Correlation analysis is a vital initial step for investigating causation, essential for understanding complex phenomena and making informed choices. While it is hard to establish causality from vast observational data without assumptions and expert knowledge, identifying correlations remains a key strategy to “cast a wide net” and detect potential causal links. Our system Nexus identifies correlations over collections of spatio-temporal tabular data, aiming to identify interesting hypotheses and provide a good starting point for further causal analysis. Nexus focuses on two personas.

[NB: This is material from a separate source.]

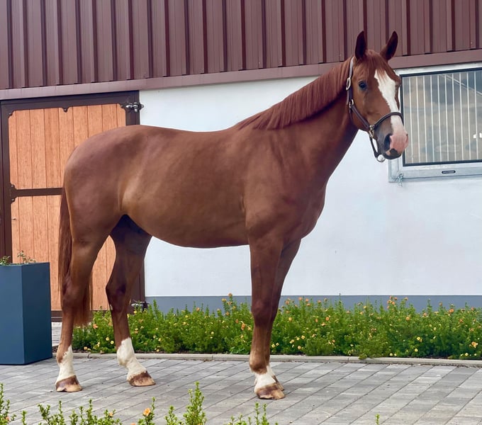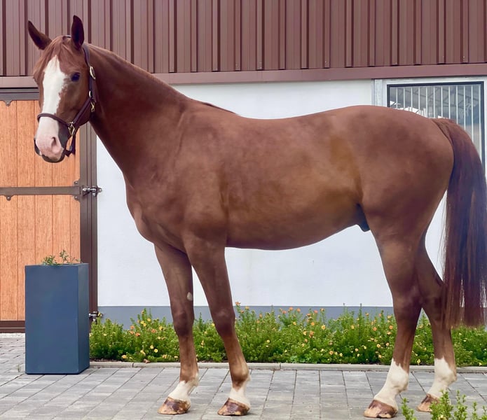 Na sprzedaż jest ten 4-letni wałach po Douglas VDL z matki Calido x For Pleasure. Doskonałe pochodzenie, które ma nadzieję na obiecującą przyszłość. Djumper przekonuje nie tylko swoją atrakcyjną maścią i posturą, ale także dużym potencjałem w skokach. Już pokazuje obiecujące podejścia i ma dużo radości z pracy. Jest spokojny w obcowaniu, dobrze wychowany i również w terenie bardzo łagodny. Idealny dla jeźdźca, który chce mu zapewnić solidne szkolenie i ma przyjemność z jazdy przez przeszkody. Proszę o kontakt telefoniczny lub przez WhatsApp.

**Persona 1: Enrich an Existing Dataset.** A researcher at a medical school, Bob, has a dataset with asthma attack incidences in hospitals across various zip codes in Chicago. Bob's research goal is to explore what factors could potentially affect asthma attacks. Thus, he wants to start by finding variables that are correlated with asthma attacks. Persona 1 is someone who has an initial dataset and seeks to enrich such a dataset with additional variables relevant to the analysis.

**Persona 2: Data-Driven Hypothesis Generation.** Amy, a social scientist in Chicago, is seeking to discover intriguing phenomena within the city for her research. To avoid limiting her analysis to existing knowledge, she employs a data-driven strategy. Recognizing that Chicago Open Data has a wealth of datasets on diverse societal aspects such as education, business, and crime, Amy wants to identify interesting correlations automatically to generate new hypotheses. Persona 2 has a large repository of tabular data and wants to automatically identify interesting correlations to formulate new hypotheses for further causal analysis.

In this demonstration, we will illustrate how Nexus assists Persona 1 and 2 with the analysis of real-world datasets.

## Install Nexus

Let's first install Nexus!

In [None]:
nexus_demo.install_nexus()

## Create Nexus API

In [None]:
from nexus.nexus_api import API
conn_str = f'data/quickstart.db'
nexus_api = API(conn_str)

# Persona 1: Enrich the asthma dataset with additional variables

Bob, a researcher from a medical school, has a dataset with asthma attack incidences in hospitals across various zip codes in Chicago.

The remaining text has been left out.